Laura Ingalls Wilder, who wrote the “Little House on the Prairie” books, lived a good two decades of her 90 years in a covered wagon going west. Only in late middle age did she become the author of the most successful series for children ever written about the settling of the American frontier. In the stories these books tell, the Ingalls family embodies that extraordinary hunger for pioneering that, through the second half of the nineteenth century, sent a few million men, women, and children out into the prairies and mountains of the mid- and far West to farm, raise cattle, mine for silver, pan for gold. One and all, they went in search of a life free from the restraints of the socialized world, to a place where survival depended on the exercise of one’s own wit and strength and backbreaking labor.
Ultimately, that same drive to be alone with the wilderness got converted to a founding myth of individualism, out of which emerged an ideology that visualized freedom from government as an equivalent of freedom itself. The descendants of that myth are among us still. If Laura Ingalls Wilder were alive today she would be a member of the Tea Party. She would almost certainly have voted for Donald Trump, many of whose followers yet believe that he will restore to them the dubious glory of the frontier America that Wilder so passionately celebrated in her books.
Caroline Fraser’s Prairie Fires: The American Dreams of Laura Ingalls Wilder is an impressive piece of social history that uses the events of Wilder’s life to track, socially and politically, the development of the American continent and its people.

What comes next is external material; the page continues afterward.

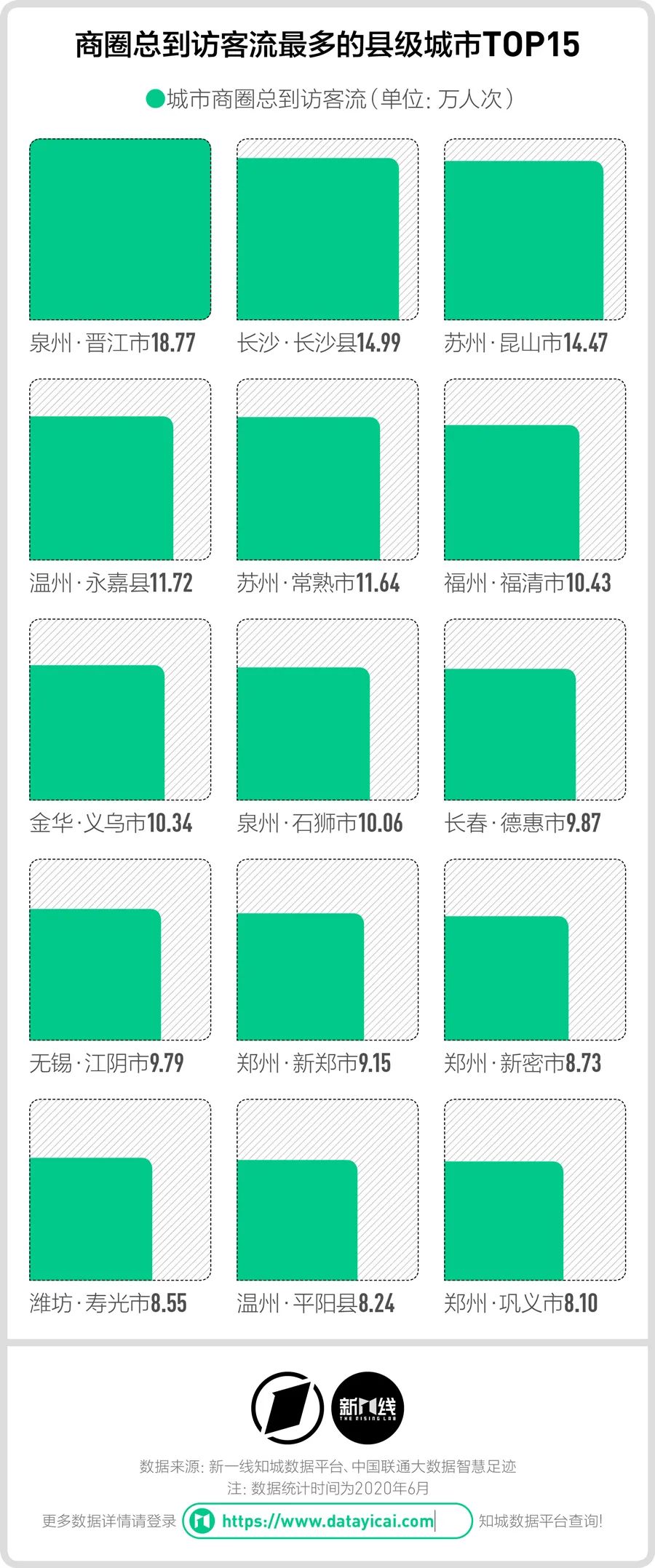 县级城市内商圈到访总客流最高的城市是泉州的晋江市,其次是长沙市的长沙县,然后才是昆山。在上图这份客流量最高的前15个城市的名单上,你会看到不少并不熟悉的城市名称。
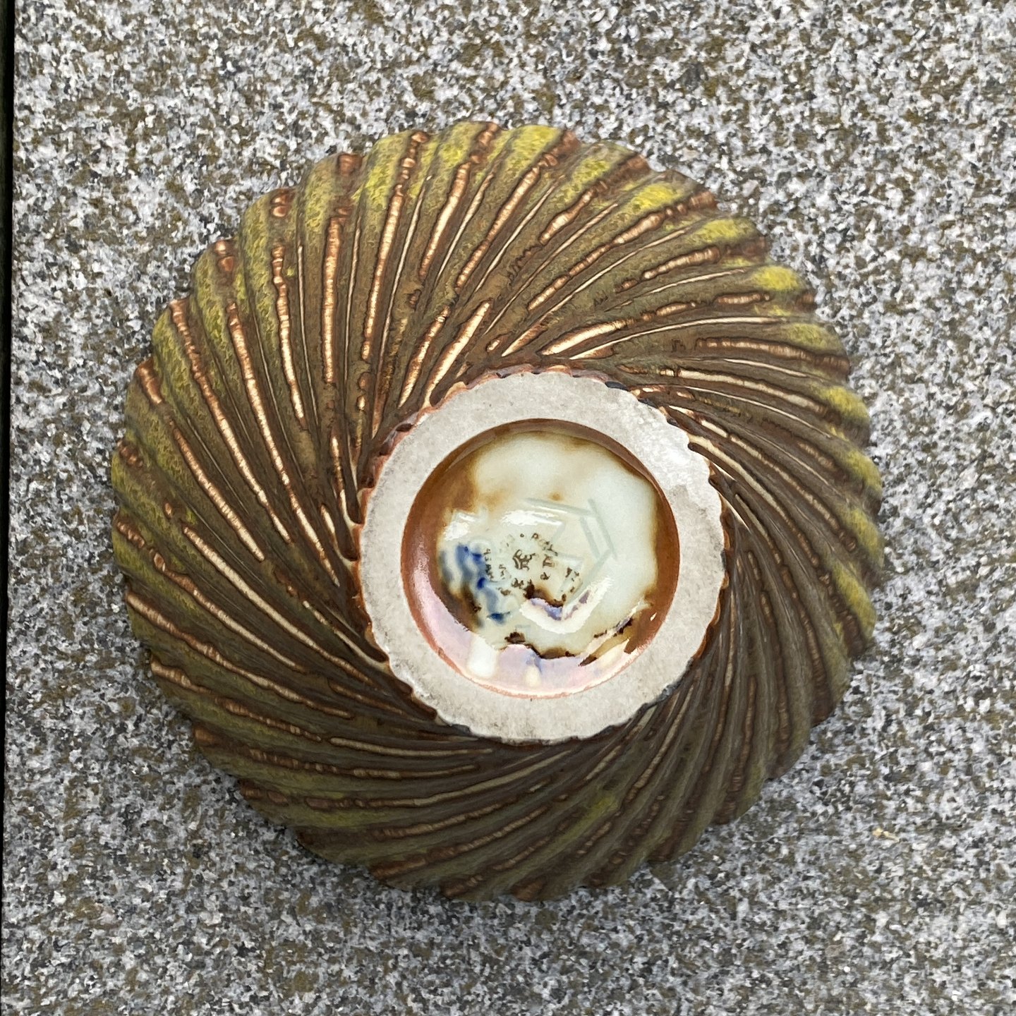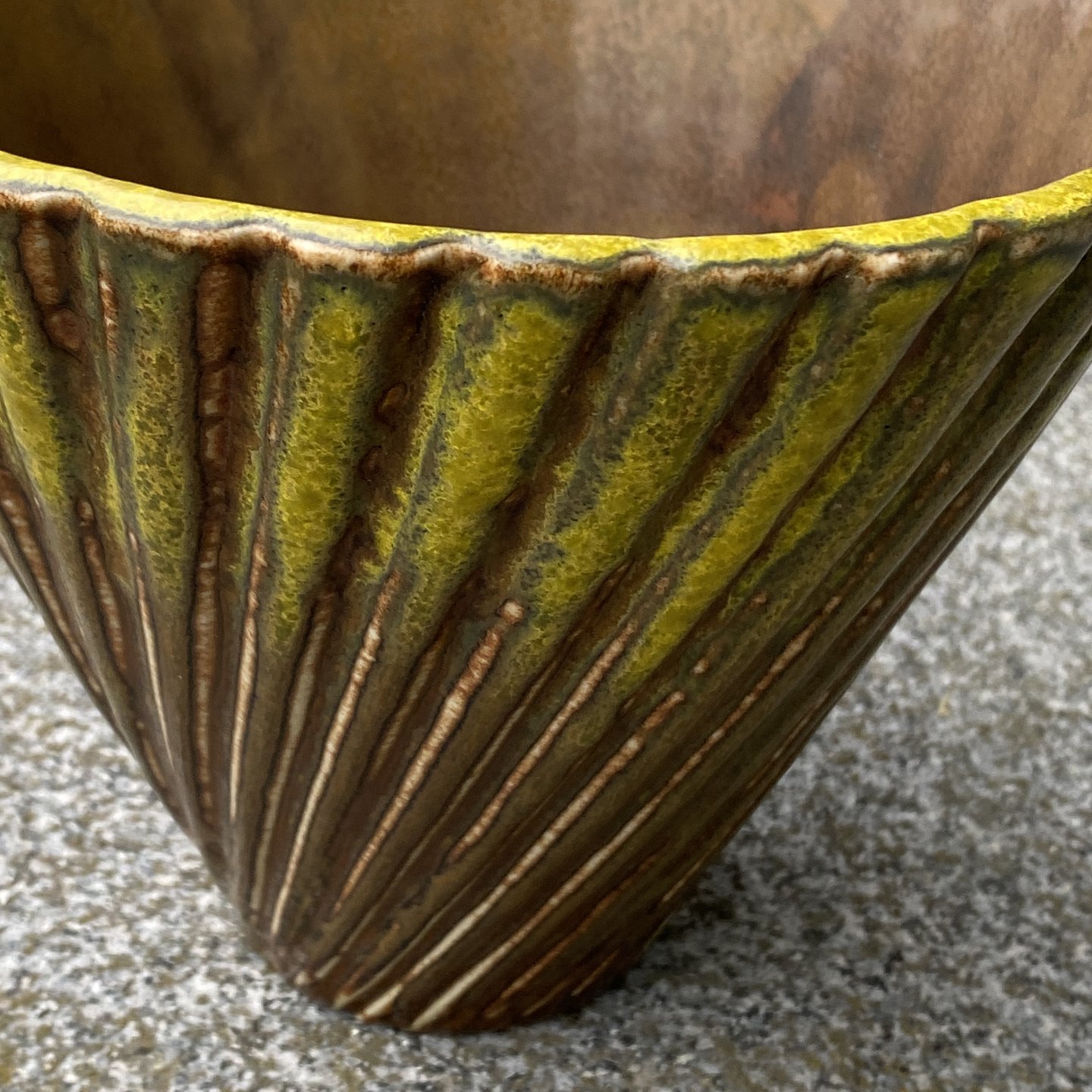 Stoneware vase with twisted, tapered corpus with Solfatara glaze. Fine condition.

The frontier, by definition, has always been a place just beyond the point where land meets sky. In America that longing to move beyond the horizon, which is common to all cultures, became not only synonymous with an idea of the national character, but a vital ingredient in the American brand of democracy. The historian Frederick Jackson Turner ardently believed, in fact, that “that restless, nervous energy, that dominant individualism” attributed to the frontier was the major influence on American democracy’s development.
What the people in the covered wagons did not grasp was that to a large extent they were pawns in the hands of political and business interests—especially those of the railroads—that needed to see ground broken across the entire continent. The pioneers never understood the hucksterism behind the “go west, young man” rhetoric that urged them to go where none had gone before, with no hard knowledge of what actually lay before them. All the pioneers knew—in their fantasies, that is—was that just over the horizon lay adventure, opportunity, possible wealth, and certain freedom.